**Task description**
The answer is to be the lines of the material from its start through the line containing "Enhance your retail", each copied exactly; no pictures.

**Information shown**

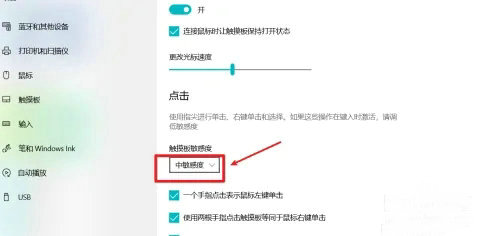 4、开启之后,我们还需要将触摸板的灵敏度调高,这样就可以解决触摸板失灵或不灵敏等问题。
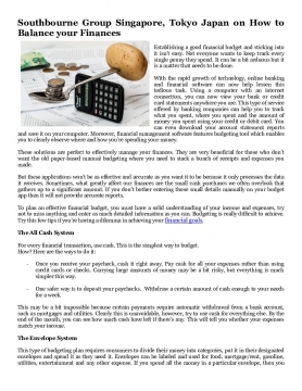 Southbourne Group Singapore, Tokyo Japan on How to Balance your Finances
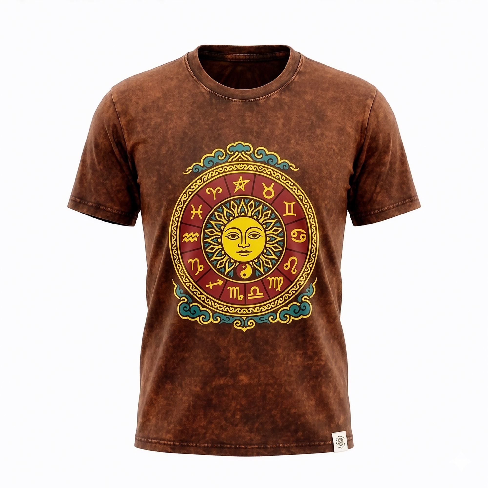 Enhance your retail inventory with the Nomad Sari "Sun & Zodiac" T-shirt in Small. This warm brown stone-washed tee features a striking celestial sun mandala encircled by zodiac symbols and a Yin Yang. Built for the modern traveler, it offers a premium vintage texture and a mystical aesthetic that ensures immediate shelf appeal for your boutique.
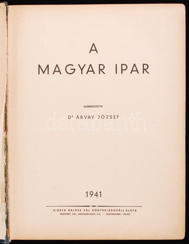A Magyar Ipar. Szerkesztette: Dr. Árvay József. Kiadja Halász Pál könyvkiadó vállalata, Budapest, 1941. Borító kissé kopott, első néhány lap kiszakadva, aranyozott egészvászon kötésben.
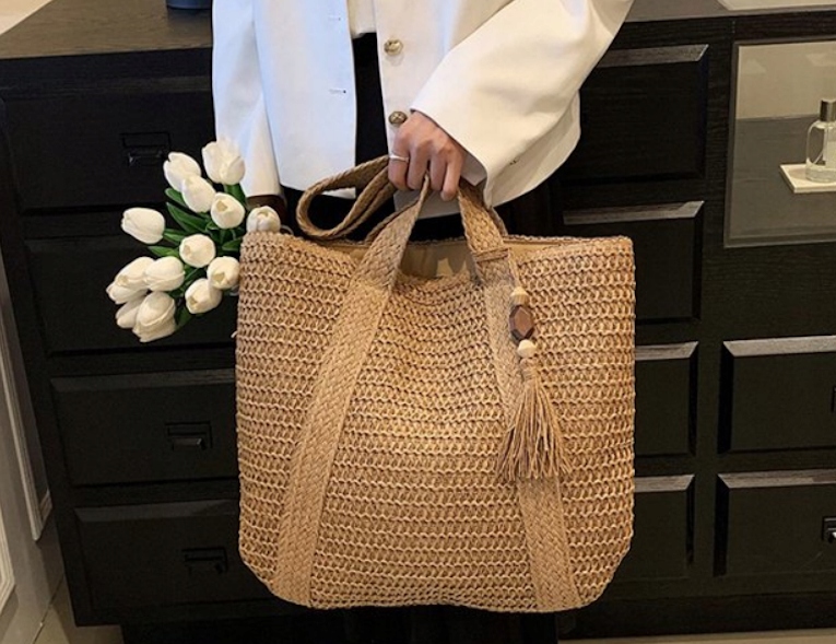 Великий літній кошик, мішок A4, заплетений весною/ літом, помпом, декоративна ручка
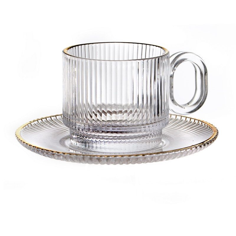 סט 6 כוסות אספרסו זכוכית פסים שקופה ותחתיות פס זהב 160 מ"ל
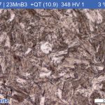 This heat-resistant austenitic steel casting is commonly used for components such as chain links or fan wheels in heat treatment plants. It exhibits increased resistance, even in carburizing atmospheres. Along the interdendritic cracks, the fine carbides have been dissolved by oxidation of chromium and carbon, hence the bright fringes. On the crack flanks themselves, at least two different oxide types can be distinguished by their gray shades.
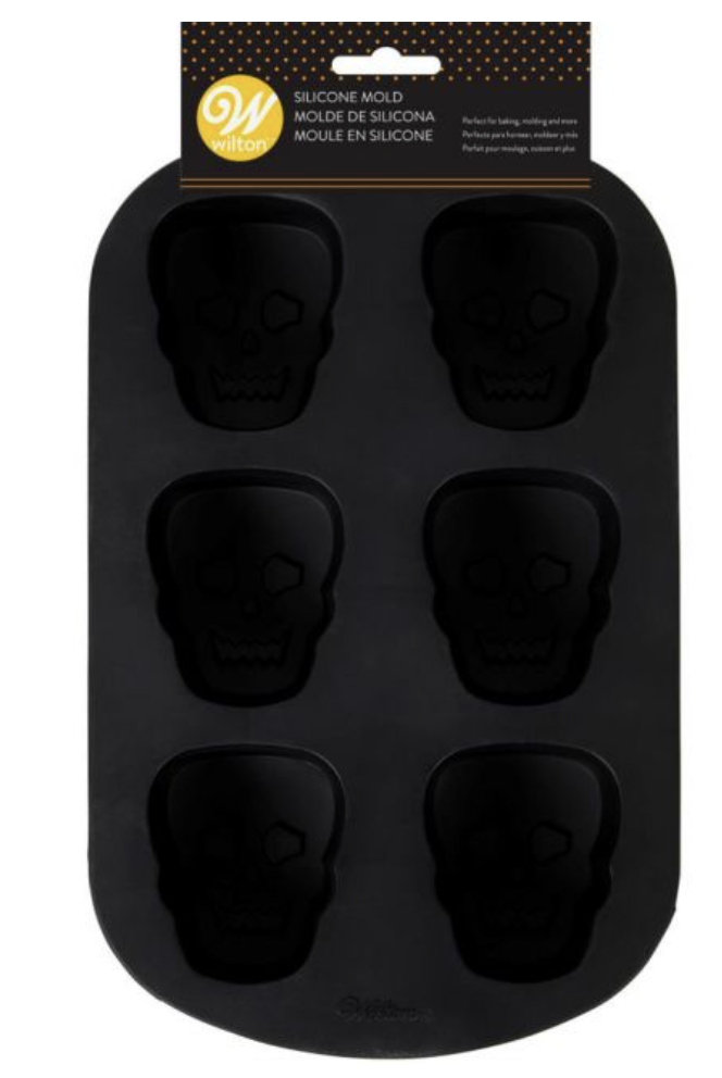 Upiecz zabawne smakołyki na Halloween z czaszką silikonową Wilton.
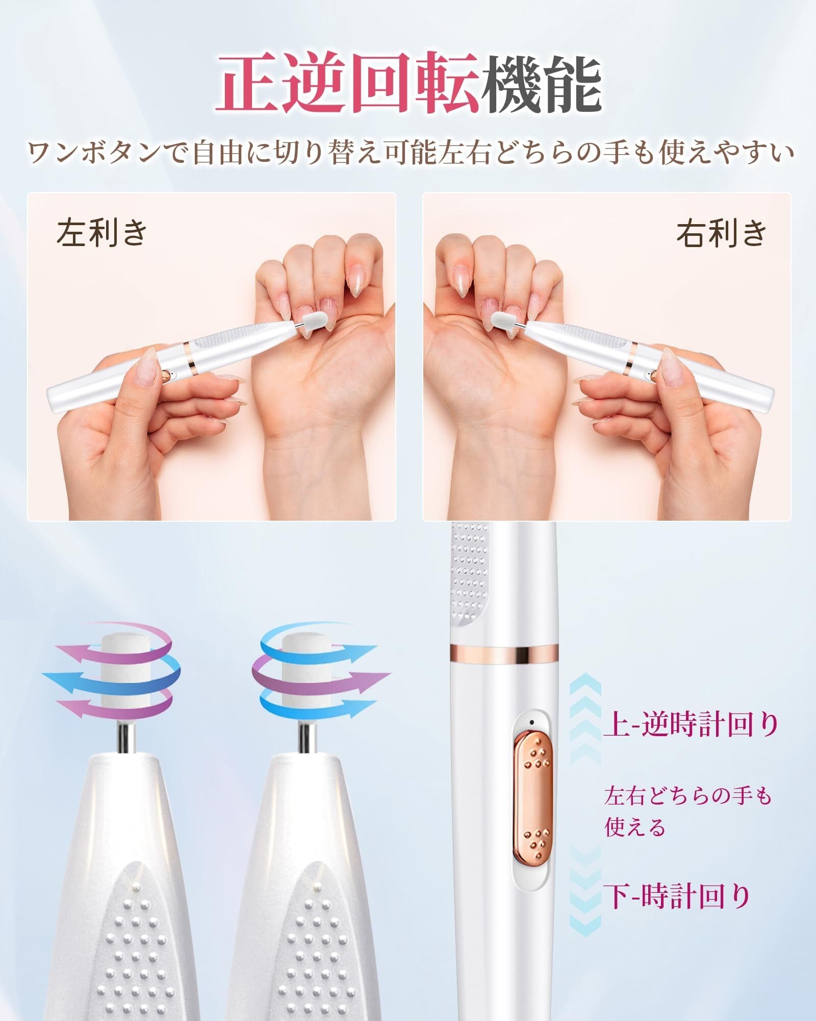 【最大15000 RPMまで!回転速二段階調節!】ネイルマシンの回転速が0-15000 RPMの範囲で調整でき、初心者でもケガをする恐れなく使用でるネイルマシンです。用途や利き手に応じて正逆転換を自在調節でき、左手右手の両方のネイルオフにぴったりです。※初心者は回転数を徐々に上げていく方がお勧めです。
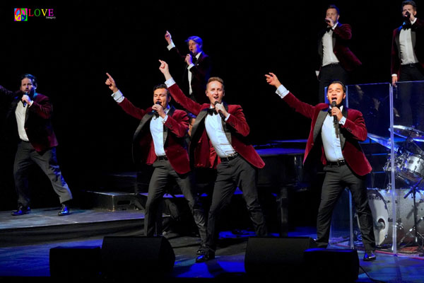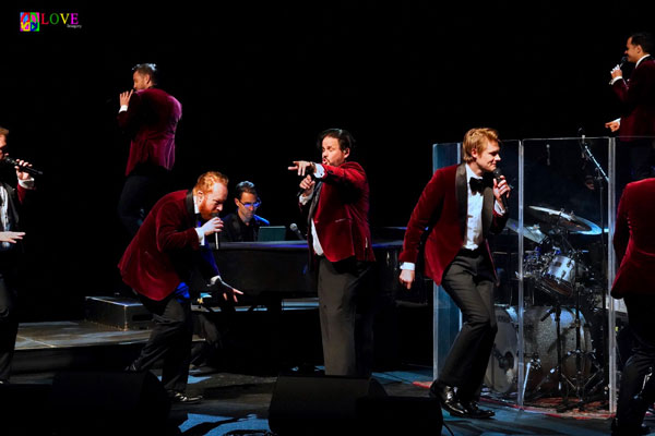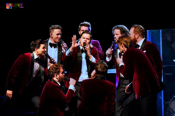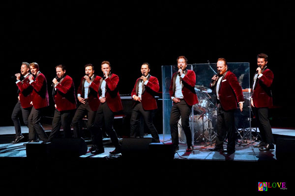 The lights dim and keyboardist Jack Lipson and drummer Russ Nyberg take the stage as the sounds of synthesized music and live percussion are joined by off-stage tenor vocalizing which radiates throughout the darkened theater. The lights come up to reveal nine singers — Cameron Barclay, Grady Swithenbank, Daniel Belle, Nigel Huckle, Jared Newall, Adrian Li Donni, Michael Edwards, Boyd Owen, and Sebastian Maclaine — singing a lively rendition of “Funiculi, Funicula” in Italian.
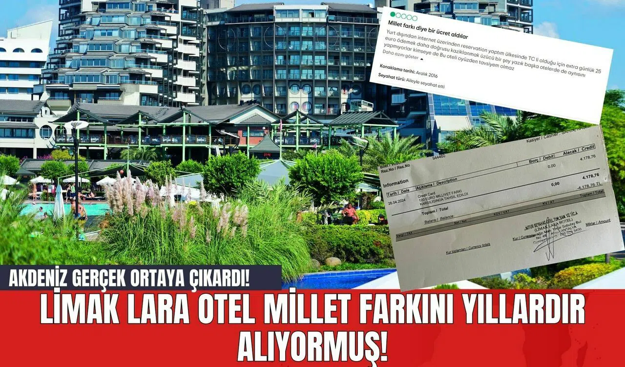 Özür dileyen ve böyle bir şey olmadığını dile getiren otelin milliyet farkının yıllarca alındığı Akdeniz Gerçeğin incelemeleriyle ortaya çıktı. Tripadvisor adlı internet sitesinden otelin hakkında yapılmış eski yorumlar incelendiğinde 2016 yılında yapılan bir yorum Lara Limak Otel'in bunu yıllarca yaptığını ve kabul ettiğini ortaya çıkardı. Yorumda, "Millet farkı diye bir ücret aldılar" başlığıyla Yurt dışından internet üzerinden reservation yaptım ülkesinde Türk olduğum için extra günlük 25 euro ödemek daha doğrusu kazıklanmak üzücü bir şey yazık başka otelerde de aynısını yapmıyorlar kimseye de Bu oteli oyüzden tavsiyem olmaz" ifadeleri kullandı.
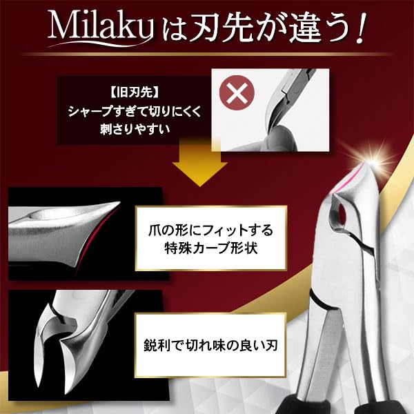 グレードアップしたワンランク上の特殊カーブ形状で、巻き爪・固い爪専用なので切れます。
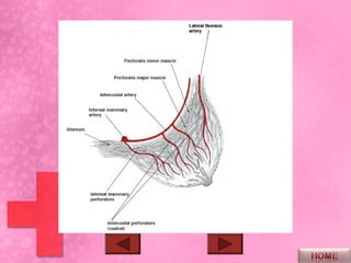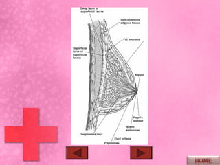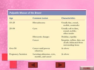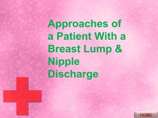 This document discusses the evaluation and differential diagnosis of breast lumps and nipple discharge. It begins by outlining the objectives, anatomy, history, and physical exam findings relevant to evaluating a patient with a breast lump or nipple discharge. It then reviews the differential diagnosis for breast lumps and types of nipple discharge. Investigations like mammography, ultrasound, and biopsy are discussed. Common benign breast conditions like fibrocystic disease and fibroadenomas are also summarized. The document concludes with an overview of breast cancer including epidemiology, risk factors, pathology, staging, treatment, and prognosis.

**Response area**
 4、开启之后,我们还需要将触摸板的灵敏度调高,这样就可以解决触摸板失灵或不灵敏等问题。
 Southbourne Group Singapore, Tokyo Japan on How to Balance your Finances
 Enhance your retail inventory with the Nomad Sari "Sun & Zodiac" T-shirt in Small. This warm brown stone-washed tee features a striking celestial sun mandala encircled by zodiac symbols and a Yin Yang. Built for the modern traveler, it offers a premium vintage texture and a mystical aesthetic that ensures immediate shelf appeal for your boutique.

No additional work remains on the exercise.